Apple’s CryptoKit and swift-crypto expose elliptic-curve primitives on NIST P-256, P-384, P-521, and Curve25519, but not secp256k1 — the curve Bitcoin, Lightning, and Nostr require. The [`P256K`](/documentation/P256K/P256K) module provides the secp256k1 equivalents with a CryptoKit-shaped API.

## Overview

### The short answer

If you reached for CryptoKit’s `P256` or its swift-crypto equivalent to sign a Bitcoin transaction, a Lightning channel update, or a Nostr event, the type compiles but the cryptography does not interoperate with those protocols. CryptoKit’s `P256` is NIST P-256 — an entirely different elliptic curve from secp256k1, the curve Bitcoin and every protocol derived from it require. No combination of flags, key formats, or hash functions in CryptoKit will produce a signature that a Bitcoin node, a Lightning peer, or a Nostr relay will accept.

The [`P256K`](/documentation/P256K/P256K) module provides the secp256k1 equivalents under a deliberately CryptoKit-shaped API. ECDSA signing for Bitcoin transactions and signed messages lives in [`P256K.Signing`](/documentation/P256K/P256K/Signing); BIP-340 Schnorr (used by Nostr events and Taproot spends) lives in [`P256K.Schnorr`](/documentation/P256K/P256K/Schnorr); ECDH key agreement for the Lightning Noise handshake and Nostr direct messages lives in [`P256K.KeyAgreement`](/documentation/P256K/P256K/KeyAgreement). The rest of this article documents *why* the mismatch exists and *which P256K type* replaces each CryptoKit call.

### NIST P-256 and secp256k1 are different curves

NIST P-256 and secp256k1 are two distinct elliptic curves defined over different prime fields, with different generators and different curve equations. The shared “256” refers only to the bit-length of the underlying prime field, and nothing else about them is interchangeable.
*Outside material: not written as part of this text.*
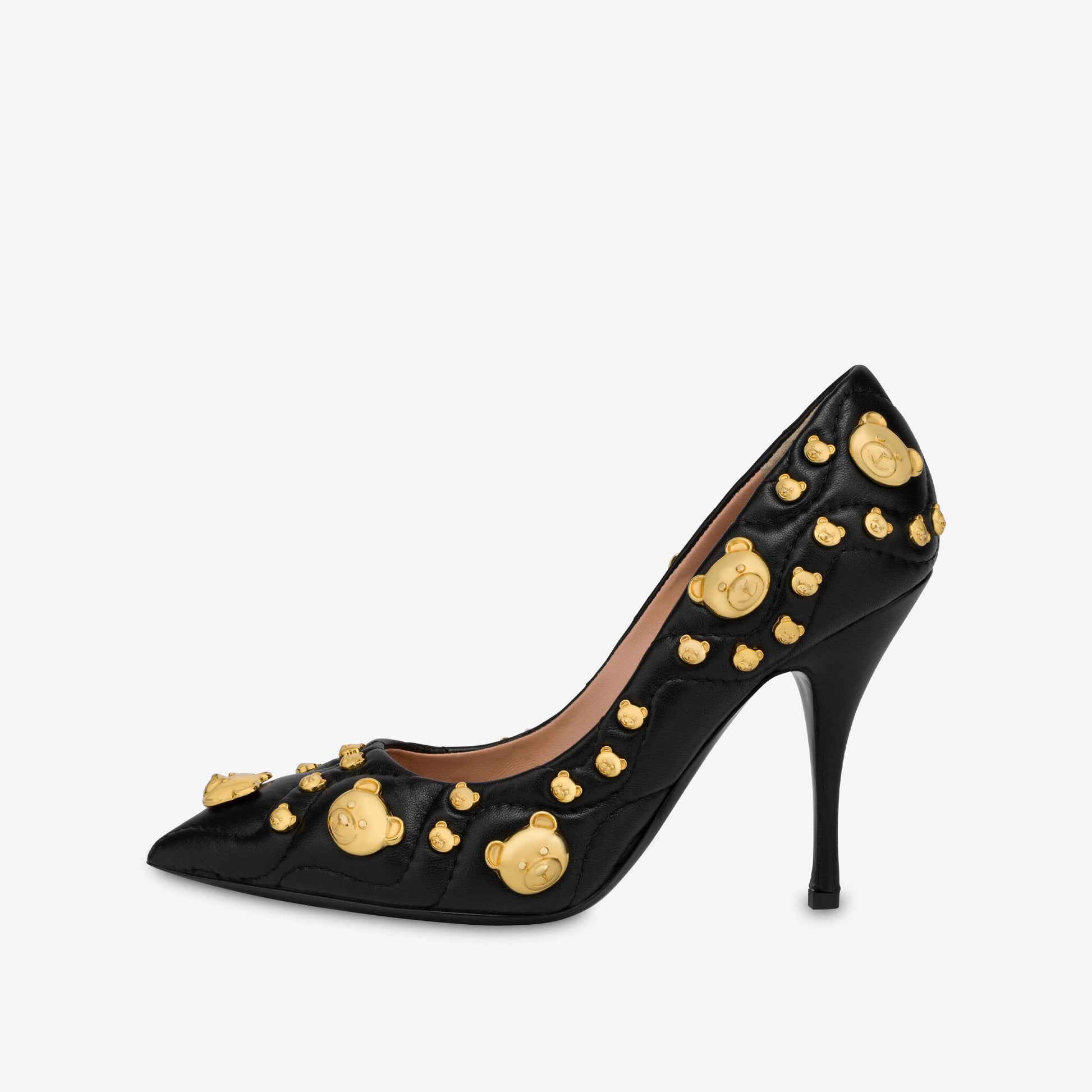 绗缝纳帕高跟鞋,全身饰有 Moschino 泰迪熊形状铆钉。
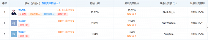 天眼查信息顯示,江蘇隆力奇生物科技股份有限公司和上海聚好信息技術(shù)有限公司的第一大股東均為徐之偉,分別持有57.7%、95.07%的公司股份。

The SEC 2 nomenclature makes the family explicit: the trailing letter is meaningful, not arbitrary. **secp256r1** — the curve CryptoKit calls `P256` — is a **r**andom curve, with the coefficient `b` fixed by ANSI X9.62’s verifiable-random procedure: a published seed is hashed with SHA-1 to derive an intermediate value, and `b` is then chosen so the curve satisfies a published constraint against it. **secp256k1** is a **K**oblitz curve, a class with algebraic structure named after Neal Koblitz. Both are 256-bit prime-field curves; that is the entirety of their compatibility.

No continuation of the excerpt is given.